Apologists for sadism, like Madrigal, like Reagan, propose that systemic ideological corruption trumps individual choice and excuses amoral behavior in general, including obeying inhumane commands from superiors. Stuff and nonsense. The Nuremberg trials of 1945-49 put that lie to rest; the subsequent and ongoing trials at the International Criminal Court in The Hague represent the moral and legal consensus that we cannot hide from responsibility for our actions behind the rationale of following orders that come from “the system,” as Madrigal would have it. Pike and his ilk profit, financially and otherwise, from wielding power in the ways that they do; they choose their paths because they benefit from doing so, and because they enjoy exercising their power. You can bet that, in the brief period post-sprayfest before the shit hit the fan at UC Davis, there wasn’t a session of soul-searching and prayer for forgiveness in the wardroom, but high-fives all around and shouts of praise for Pike’s spraymeister panache.

Lt. John Pike in Alexander Gardner's "A Harvest of Death," 1863. Anonymous photocollage.

Lt. John Pike in Alexander Gardner's "A Harvest of Death," 1863. Anonymous photocollage.

Madrigal can’t know — none of us can — the long-term impact of that experience on Pike’s victims: not just the medical effects but the psychological and spiritual ones.
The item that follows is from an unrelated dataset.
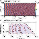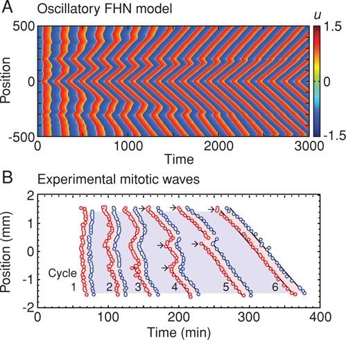 FIGURE 5:. Trigger waves tend to self-organize. (A) Self-organizing trigger waves in an oscillatory FHN model with the model's parameters assumed to be inhomogeneous in space. A single focus of oscillations eventually dominates the whole system. (B) Self-organizing mitotic waves in Xenopus egg extracts in Teflon tubes. The red circles mean that a reporter nucleus at that position entered mitosis at that time. The blue circles denote mitotic exit. In cycle 1, there is no obvious relationship between position and time of mitotic entry or exit, but by cycle 6, a wave of mitosis starting near the top of the tube dominates the whole system. The arrows denote positions from which waves apparently originate. (Adapted from Chang and Ferrell, 2013.) |

Madrigal’s proposal that the moral and/or spiritual consequences to Pike will outweigh all of that suffering by several dozen people I find disgusting. True, many bad things are about to happen to Pike; already suspended (albeit with full pay), he’ll almost certainly get fired, lose his pension, get sued, and perhaps get arrested, possibly convicted, conceivably jailed. Most of that was predictable, based on the law of the land and his chosen course of action. I would applaud any and all of those outcomes for him. Don’t do the crime if you can’t do the time.
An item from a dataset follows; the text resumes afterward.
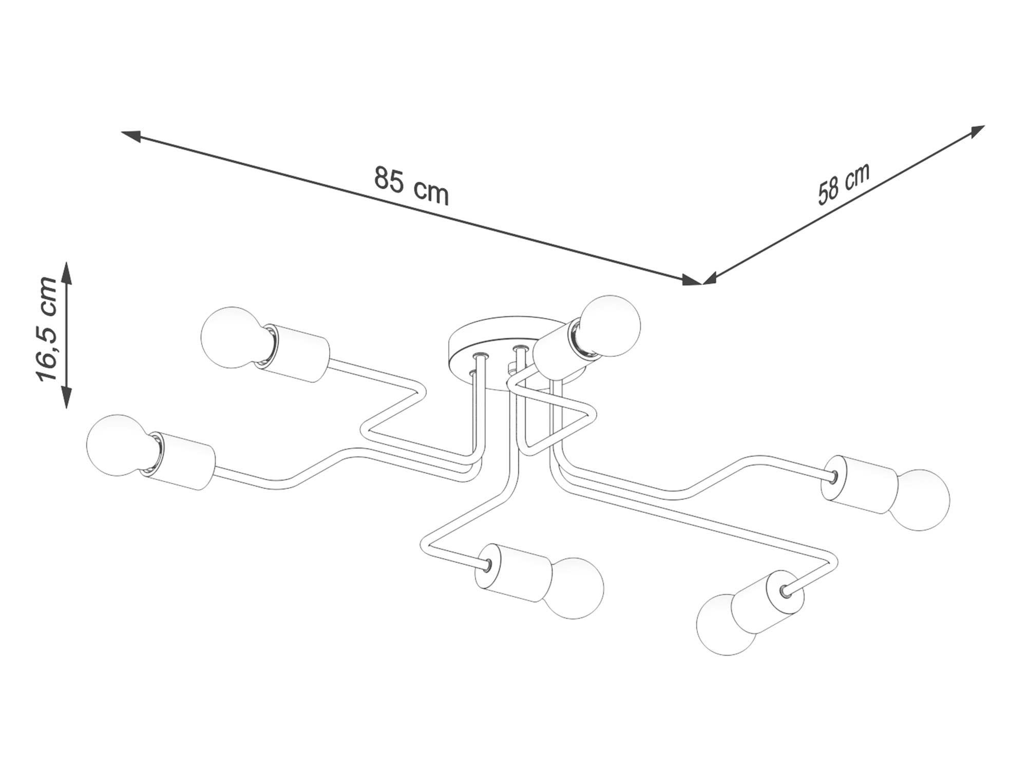 Wymiary 85/58/16,5 cm sprawiają, że żyrandol doskonale wypełnia przestrzeń, nie przytłaczając jej, a jednocześnie nadaje aranżacji wyjątkowego charakteru. Jego uniwersalna forma pozwala dopasować go do salonu, jadalni, biura, a nawet nowoczesnej sypialni.

What plump, stately John Pike can’t have imagined, of course, was how, lightning-quick, he’d get transmogrified into a mocking meme, pepper-spraying everyone from Gandhi to the baby Jesus. Save perhaps for comedians and the paranoid, few among us visualize ourselves achieving the status of internationally recognizable buffoons within a few hours of some public action. Yet that’s exactly what happened to Pike. The videos of the attack hit the internet just minutes after it happened, going viral within hours. The photocollages started coming shortly thereafter — and while the videos, though plentiful, are necessarily limited in number, the collages breed as quickly as people can think of other images to use in spreading this meme. I’ve seen estimates ranging as high as 1000 Pike images as of this writing. (Eventually a book’s worth will get gathered and published, mark my words. Pike can browse it with his grandkids.) Indeed, NYC-based film director Ryan Gielen has now created a blog called PikesCorner, in which a simulacrum of the brave lieutenant dispenses advice on a diversity of subjects. And Jon Stewart’s had his say on this as well.

Lt. John Pike moonwalking. Anonymous photocollage.

Lt. John Pike moonwalking. Anonymous photocollage.

I consider the derision to which this photocollage meme holds Pike up to be well-deserved, and I encourage its continuance. Surely someone’s already working on an app that will make possible what Squirrelizer enabled for another viral portrait subject several years back. (You’ll find a version of Squirrelizer here, called “Crasher Squirrel.”) This app — let’s call it Pikeizer — will effect the simple online insertion of this bold cavalier’s likeness into any image. In anticipation of that, here they both are, John Pike and Anonymous the Squirrel, together again for the first time, in my own contribution to the genre. Particularly apt since the just-mentioned PikesCorner advice column has Pike recommending “Try pepper spraying the squirrel until his eyes bleed” as a solution to the problem of a squirrel stealing birdfeed. Give Pike a dose of his own medicine, I say. (For the DIY types among you, click here for a Photoshop template of Pike in action.)

Lt. John Pike with squirrel. Photo illustration by A. D. Coleman.

Lt. John Pike with squirrel. Photo illustration by A. D. Coleman.